Figure 3.. Mechanism of RT-DNA spacer acquisition.
a. Hypothetical structure of duplexed Eco1 v35 RT-DNA prespacer and retron-derived spacer, with mismatched regions highlighted. b. Quantification of mismatch region sequences in spacers from cells expressing Eco1 v35 versus cells electroporated with oligo mimic. Bars represent the mean of 4 and 5 biological replicates for the retron and oligo-derived conditions, respectively (±SD). c. Urea-PAGE visualization of Eco1 RT-DNA. DBR1 treatment resolves 2’–5’ linkage. For gel source data, see Supplementary Figure 1. d. Quantification of mismatch region sequences in spacers from cells electroporated with purified, debranched Eco1 v35 RT-DNA. Bars represent the mean of 4 biological replicates (±SD). e.

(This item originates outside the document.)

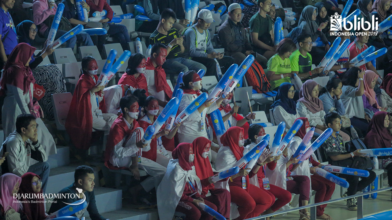 Keseruan pendukung Indonesia pada BLIBLI Indonesia Open 2018

Quantification of array expansions from different prespacer substrates. Open circles represent 3, 2, and 5 biological replicates (left-right). f. Schematic of Eco4 RT-DNA, in both orientations, with mismatch sequences highlighted. g. Quantification of mismatch region sequences in cells expressing Eco4 versus cells electroporated with oligo mimic. Bars represent the mean of 3 biological replicates (±SD). h. Urea-PAGE visualization of Eco4 RT-DNA. DBR1 does not cause size shift of Eco4 RT-DNA. For gel source data, see Supplementary Figure 1. i. Quantification of array expansions from retron Eco4. Open circles represent 3 biological replicates (left-right). All statistics in Supplementary Table 1.
Figure 4.
Figure 4.. Temporal recordings of gene expression.

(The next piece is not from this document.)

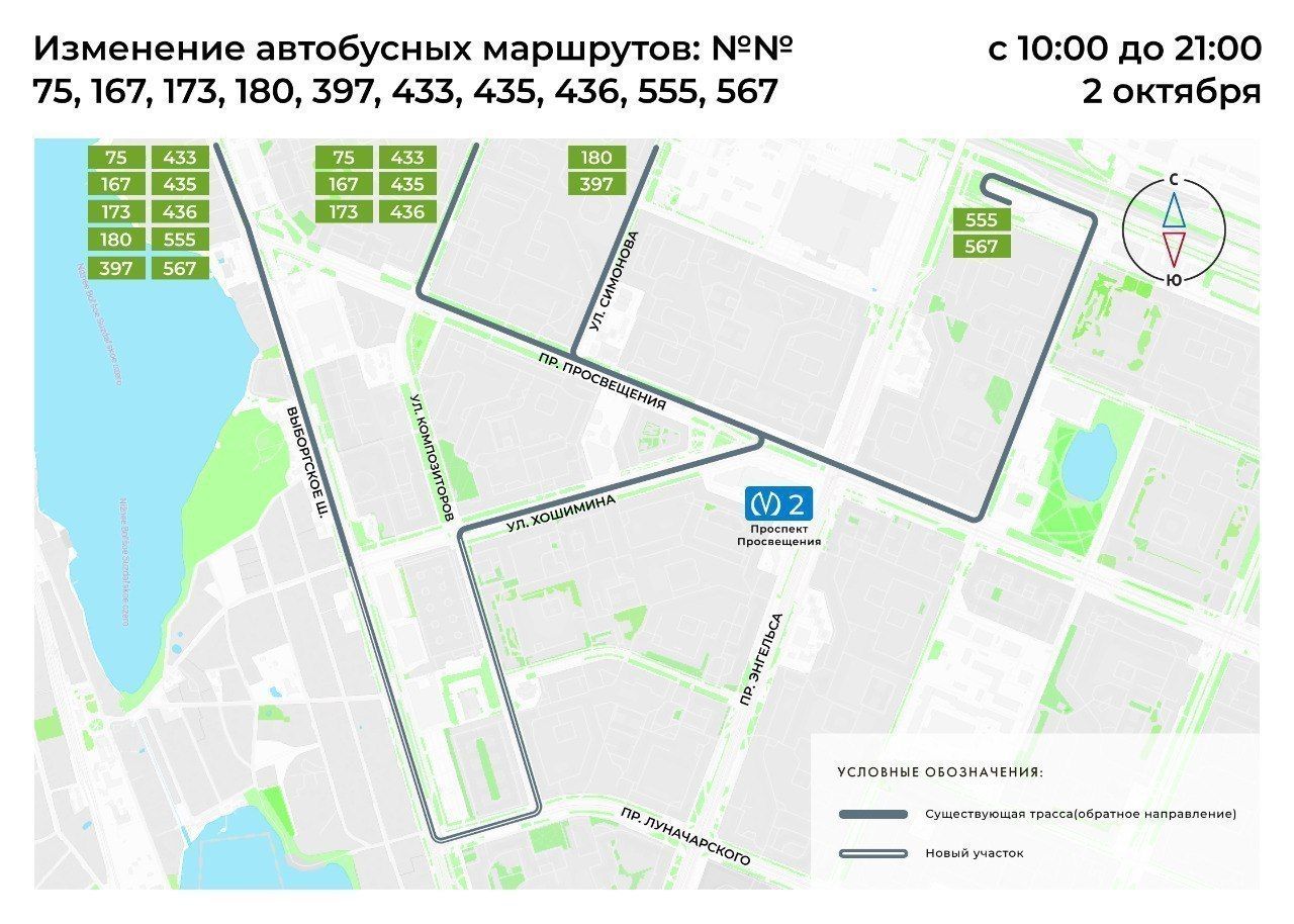 На Выборгском шоссе 2 октября изменятся трассы 13 автобусов

a. Schematic of signal plasmid pSBK.134 used to express ncRNAs “A” and “B”, and recording plasmid used to express Eco1-RT and Cas1 and 2. b. Accumulation of retron-derived spacers from pSBK.134 after 24 hours of induction from their respective promoters (4 biological replicates). c. Retron-derived spacers when ncRNAs were induced in the order “A” then “B” from pSBK.134. Filled circles represent the mean of four biological replicates (±SEM). d. Retron-derived spacers when ncRNAs were induced in the order “B” then “A” from pSBK.134. Filled circles represent the mean of four biological replicates (±SEM). e. Non-retron-derived spacers in cells harboring pSBK.134, in both induction conditions. Filled circles represent the mean of four biological replicates (±SEM). f. Schematic of signal plasmid pSBK.136 used to express ncRNAs “A” and “B”, and the recording plasmid. g. Accumulation of retron-derived spacers from pSBK.136 after 24 hours of induction from their respective promoters (4 biological replicates). Outlier sample determined by Grubbs’ test denoted as a grey “X”. h. Retron-derived spacers when ncRNAs were induced in the order “A” then “B” from pSBK.136. Filled circles represent the mean of three biological replicates (±SEM). i. Retron-derived spacers when ncRNAs were induced in the order “B” then “A” from pSBK.136. Filled circles represent the mean of four biological replicates (±SEM). j. Non-retron-derived spacers in cells harboring pSBK.136, in both induction conditions. Filled circles represent the mean of four biological replicates (±SEM). k. Graphical representation of the rules used to determine order of expression from arrays. l. Ordering analysis of recording experiments with signal plasmid pSBK.134. Open circles are 6 biological replicates. m. Ordering analysis of recording experiments with signal plasmid pSBK.136. Open circles are 5 biological replicates. All statistics in Supplementary Table 1.
Figure 5.
Figure 5.. Modeling the Limits of Retron Recording.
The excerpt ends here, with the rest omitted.